Print this span of the material below exactly: the line with "Herman Moerkerk kunstwerk", the line with "- Save response", and every line between them, but nothing else.

> **Available records**:
*** Begin section ***

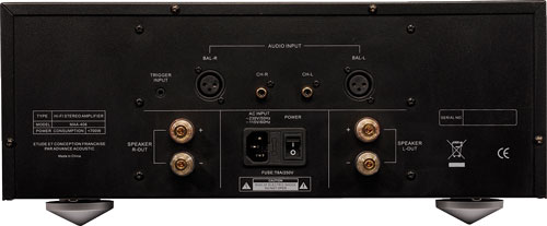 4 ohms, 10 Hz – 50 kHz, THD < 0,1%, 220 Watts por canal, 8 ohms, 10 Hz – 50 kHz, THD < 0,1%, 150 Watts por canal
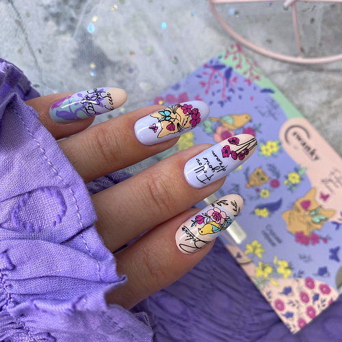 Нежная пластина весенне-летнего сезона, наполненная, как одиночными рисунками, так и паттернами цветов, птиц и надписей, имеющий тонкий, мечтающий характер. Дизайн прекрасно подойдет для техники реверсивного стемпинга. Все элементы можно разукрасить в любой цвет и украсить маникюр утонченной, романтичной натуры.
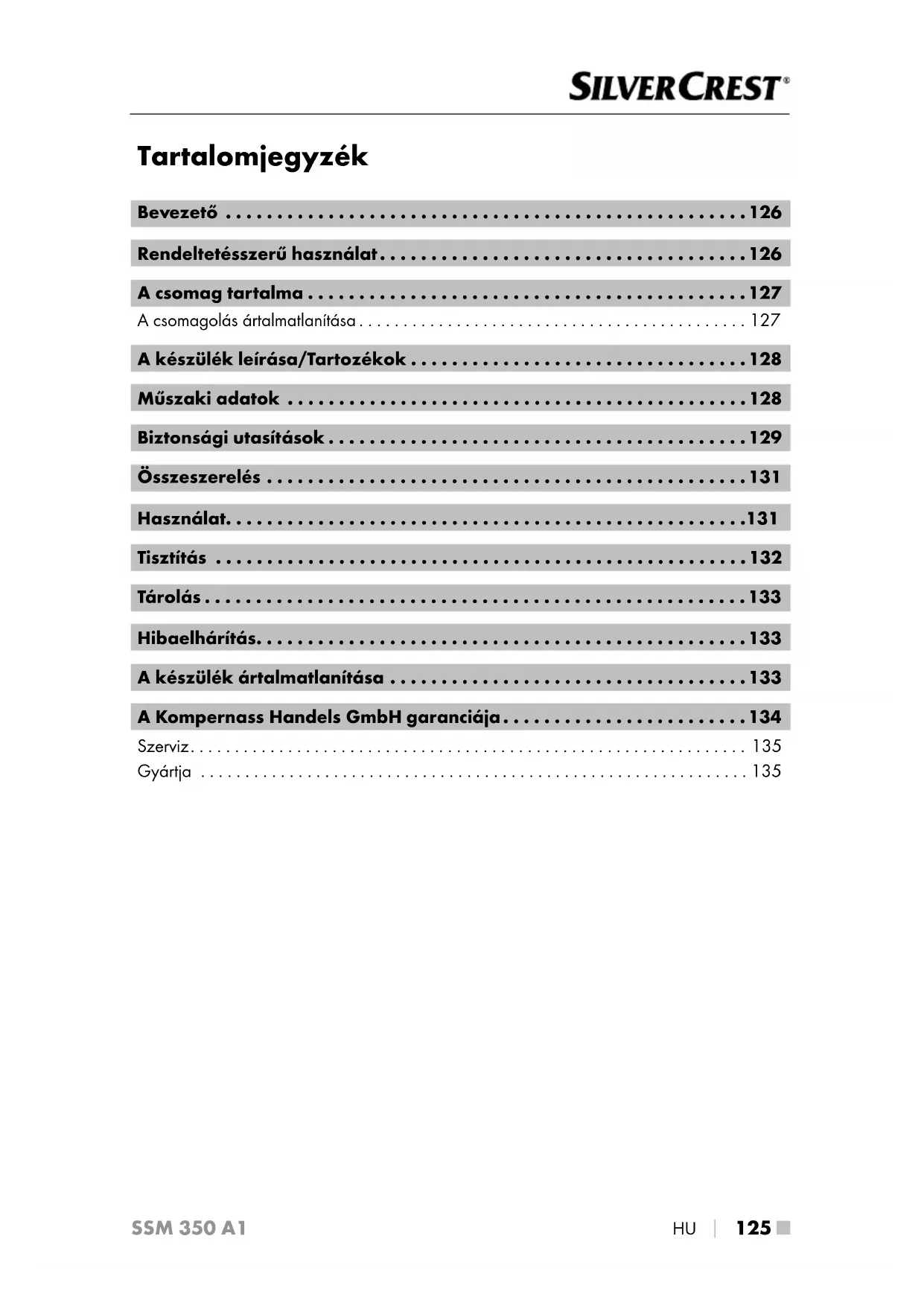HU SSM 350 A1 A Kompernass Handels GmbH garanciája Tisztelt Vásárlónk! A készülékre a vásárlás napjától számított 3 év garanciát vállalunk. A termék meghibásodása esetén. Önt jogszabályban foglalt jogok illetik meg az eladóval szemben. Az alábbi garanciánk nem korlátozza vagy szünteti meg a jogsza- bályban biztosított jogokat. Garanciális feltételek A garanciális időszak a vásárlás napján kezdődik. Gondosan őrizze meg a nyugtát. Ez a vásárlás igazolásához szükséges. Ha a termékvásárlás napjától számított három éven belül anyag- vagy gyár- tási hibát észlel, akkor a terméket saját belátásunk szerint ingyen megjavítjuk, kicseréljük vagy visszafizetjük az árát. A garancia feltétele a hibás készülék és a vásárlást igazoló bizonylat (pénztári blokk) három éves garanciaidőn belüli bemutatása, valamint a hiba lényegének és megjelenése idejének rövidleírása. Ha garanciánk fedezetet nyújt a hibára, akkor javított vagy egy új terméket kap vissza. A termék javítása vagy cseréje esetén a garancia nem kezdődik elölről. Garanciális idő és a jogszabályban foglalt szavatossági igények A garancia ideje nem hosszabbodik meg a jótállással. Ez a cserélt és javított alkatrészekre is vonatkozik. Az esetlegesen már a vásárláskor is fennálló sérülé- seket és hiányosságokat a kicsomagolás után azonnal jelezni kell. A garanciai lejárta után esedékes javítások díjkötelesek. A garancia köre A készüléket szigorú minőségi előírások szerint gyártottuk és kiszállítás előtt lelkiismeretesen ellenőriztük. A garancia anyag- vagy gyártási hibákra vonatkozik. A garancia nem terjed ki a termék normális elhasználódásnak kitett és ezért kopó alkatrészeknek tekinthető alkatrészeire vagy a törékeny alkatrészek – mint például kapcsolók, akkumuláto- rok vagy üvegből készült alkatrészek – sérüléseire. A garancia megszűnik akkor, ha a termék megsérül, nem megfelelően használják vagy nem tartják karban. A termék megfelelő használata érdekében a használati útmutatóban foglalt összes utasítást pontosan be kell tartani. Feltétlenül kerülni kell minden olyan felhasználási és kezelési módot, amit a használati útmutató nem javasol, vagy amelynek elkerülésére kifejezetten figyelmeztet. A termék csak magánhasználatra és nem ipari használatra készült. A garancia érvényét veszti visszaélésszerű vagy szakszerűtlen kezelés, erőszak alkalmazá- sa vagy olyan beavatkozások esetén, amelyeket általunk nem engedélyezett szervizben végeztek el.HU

*** End section ***
*** Begin section ***

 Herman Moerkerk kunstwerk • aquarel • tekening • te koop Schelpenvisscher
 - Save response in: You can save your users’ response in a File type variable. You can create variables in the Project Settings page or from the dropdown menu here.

*** End section ***
*** Begin section ***

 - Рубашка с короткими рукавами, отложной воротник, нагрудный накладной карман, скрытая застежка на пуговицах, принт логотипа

*** End section ***

> **Response to this task**:
 Herman Moerkerk kunstwerk • aquarel • tekening • te koop Schelpenvisscher
 - Save response in: You can save your users’ response in a File type variable. You can create variables in the Project Settings page or from the dropdown menu here.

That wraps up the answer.